En 1917, la révolution russe allait rejoindre, au niveau artistique, tout ce qui se faisait en Europe de l’ouest : art abstrait, modernisme, design, revues d’avant garde, photos et architecture.
Puisque les Soviétiques voulaient construire un nouveau monde, les artistes (comme Kasimir Malevitch, Olga Rosanova, El Lissitzky…) devaient inventer un nouvel art. Il y eut deux branches à cette esthétique : le suprématisme et le constructivisme.
Deux styles proches, partant de l’abstrait, de figures géométriques (carré, cercle, triangle + des lignes) tout en donnant une idée d’espace, comme si ces éléments volaient dans les airs. Un style spatial, beau, quasi parfait : un spatialisme suprême ? (Comme les Delaunay à Paris et leur art flottant, l’Orphisme).

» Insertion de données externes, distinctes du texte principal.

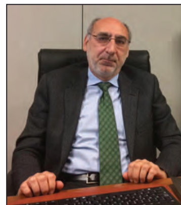
Presidente Alfredo Montalto

'I giudici si sono ritirati in Camera di Consiglio'. Un'espressione che abbiamo sentito tante volte. Una fase che può durare tanti giorni e che ha innanzitutto una caratteristica: quella di svolgersi in assenza di pubblico.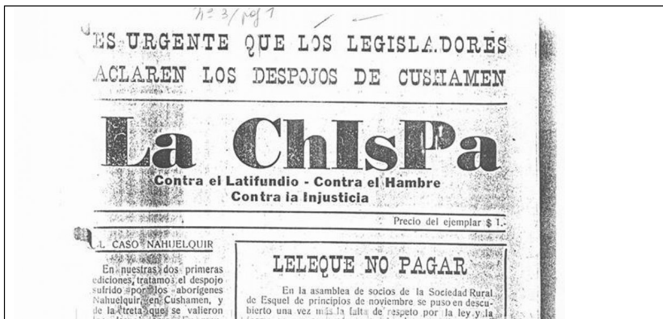
Portada del periódico La Chispa, de 1959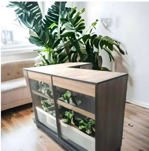
CHECKOUT FRENTE VIDRO Medidas: 140 x 100cm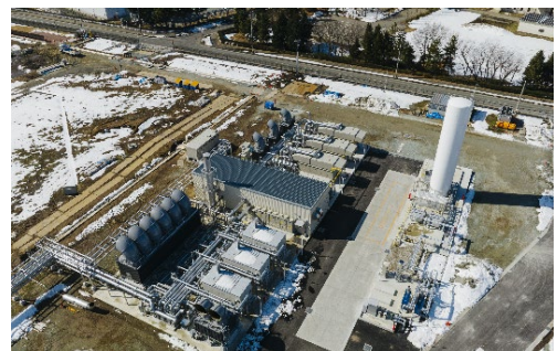
エネルギーセンター空撮写真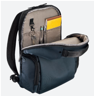
Avec organisateur, poche filet et accroche-clé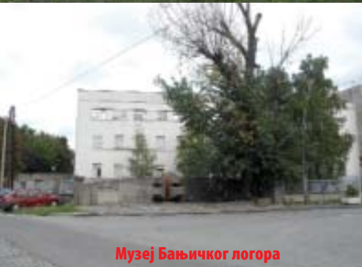
Музеј Бањичког логора

општина Вождовац на којој се простире њен већи део.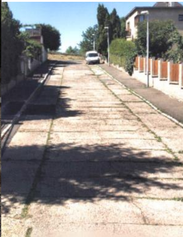
Obr.107 Ulice Zahradní – pohled od ulice Huberova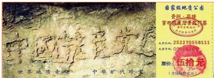
上图为掌布风景区门票上“中国共产党亡”的照片

一花，乃是佛经上记述的三千年一开的优昙婆罗花。当今频现世界各地，预兆转轮圣王下世度人。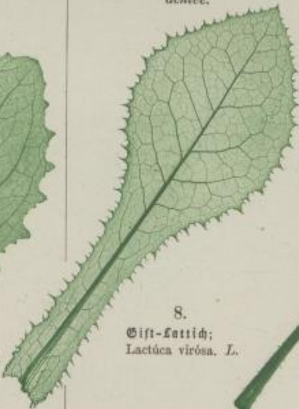
8. Gift-Lattich; Lactuca virosa. L.

g) tief und ungleich gezähnt; profunde ac inaequaliter dentatum; profondément et inégalement dentée.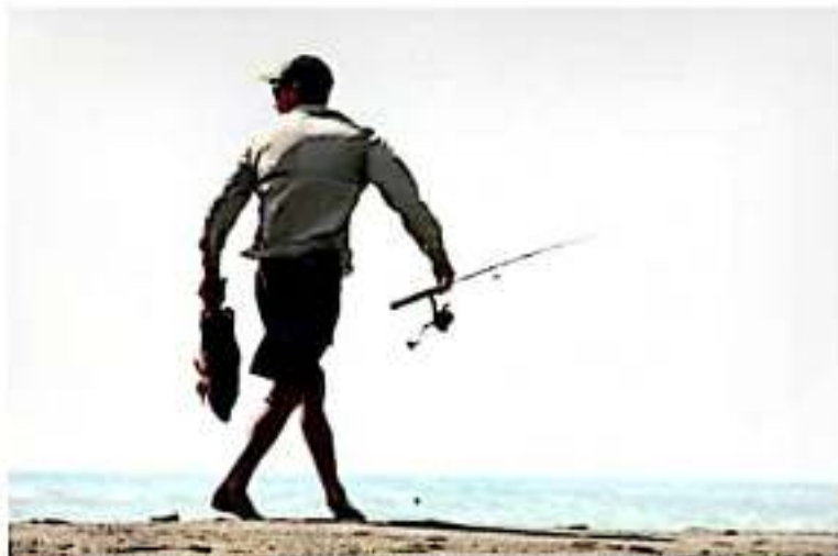
CD. LÁZARO CÁRDENAS, MICH.- La instalación de arrecifes artificiales sumergidos en la playa de Guerra frente a Caleta de Campos y la desembocadura del río Nexpa, ha favorecido en este último sitio en la captura de peces de mayor tamaño, de hasta 20 kilos.

Carlos TORRES OSEGUERA CD. LÁZARO CÁRDENAS, MICH.-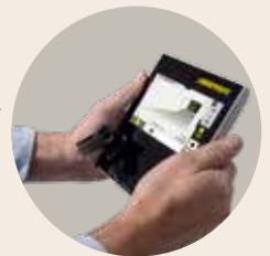
Abnehmbarer Controller mit Touchbedienung (siehe Seite 58)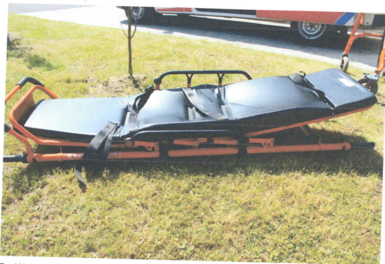
Fot.4 Nosze główne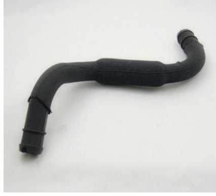
TUBO SFIATO VAPORI CON GUAINA DI PROTEZIONE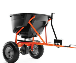
ROZMETADLO SPREADER 75 967 02 72-01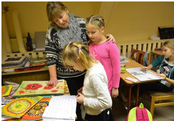
Šogad Mākslas skolas nodarbības notiek meiteņu mājturības kabinetā.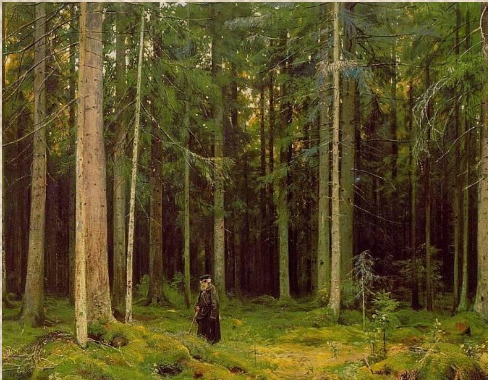
И.И.Шишкин «В лесу графини Мордвиновой»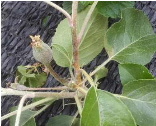
과실 줄기가 갈변으로 세균액 누출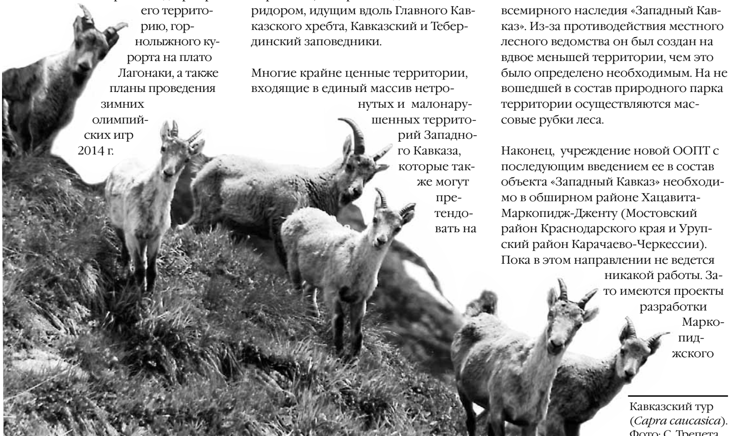
Кавказский тур ( Capra caucasica ).

Наконец, учреждение новой ООПТ с последующим введением ее в состав объекта «Западный Кавказ» необходимо в обширном районе Хацавита-Маркопидж-Дженту (Мостовский район Краснодарского края и Урупский район Карачаево-Черкессии). Пока в этом направлении не ведется никакой работы. Зато имеются проекты разработки Маркопиджского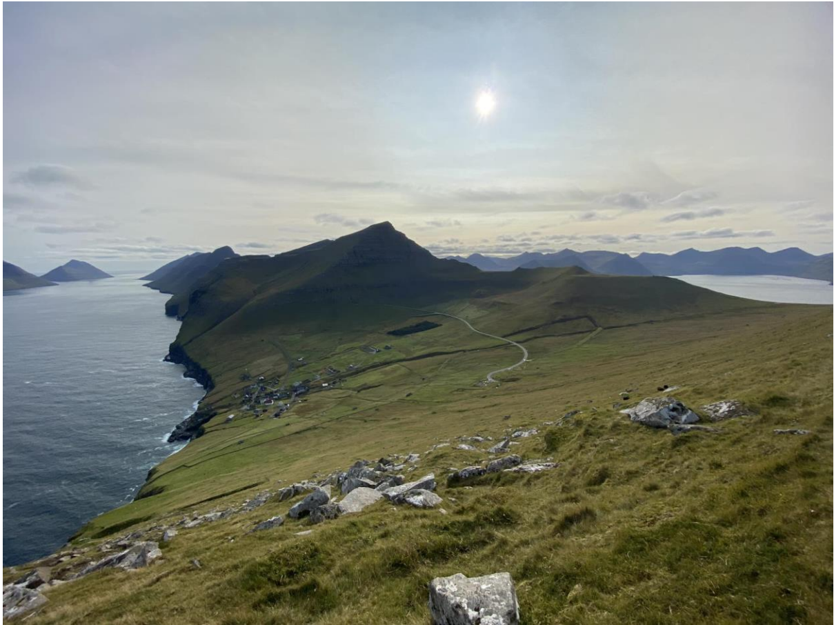
Mynd 8: Ímóti suðuri

Á suðuri er javnur vindur, og vindferðin er minni enn hon er kring landið. Tað er ongantíð nógur vindur á suðurætt, hóast nógvar glaður eru á fjørðinum, tá ið tað er illveður.

Et une esthétique d’équilibres, de masses, d’élégance graphique, de belles proportions, donnant force et beauté, et une impression de solidité : le constructivisme (préfigurant les plans d’architecture moderne).
Bien sur, l’influence des cubistes et des futuristes se sent, mais aussi les travaux de Mondrian, de la revue « De Stijl » aux Pays-Bas, les Neo Plasticiens et enfin des artistes Dadaïstes comme Kurt Schwitters, Hans Arp ou Abstraits comme Wassily Kandinsky, en Allemagne.
Ajoutez les architectes comme Mies van Der Rohe (et ses grilles métalliques pour gratte ciel en métal et acier), Walter Gropius et l’école du Bauhaus, cherchant à généraliser cette esthétique au design, costumes, décors, objets et bâtiments…Voilà l’œil du cyclone !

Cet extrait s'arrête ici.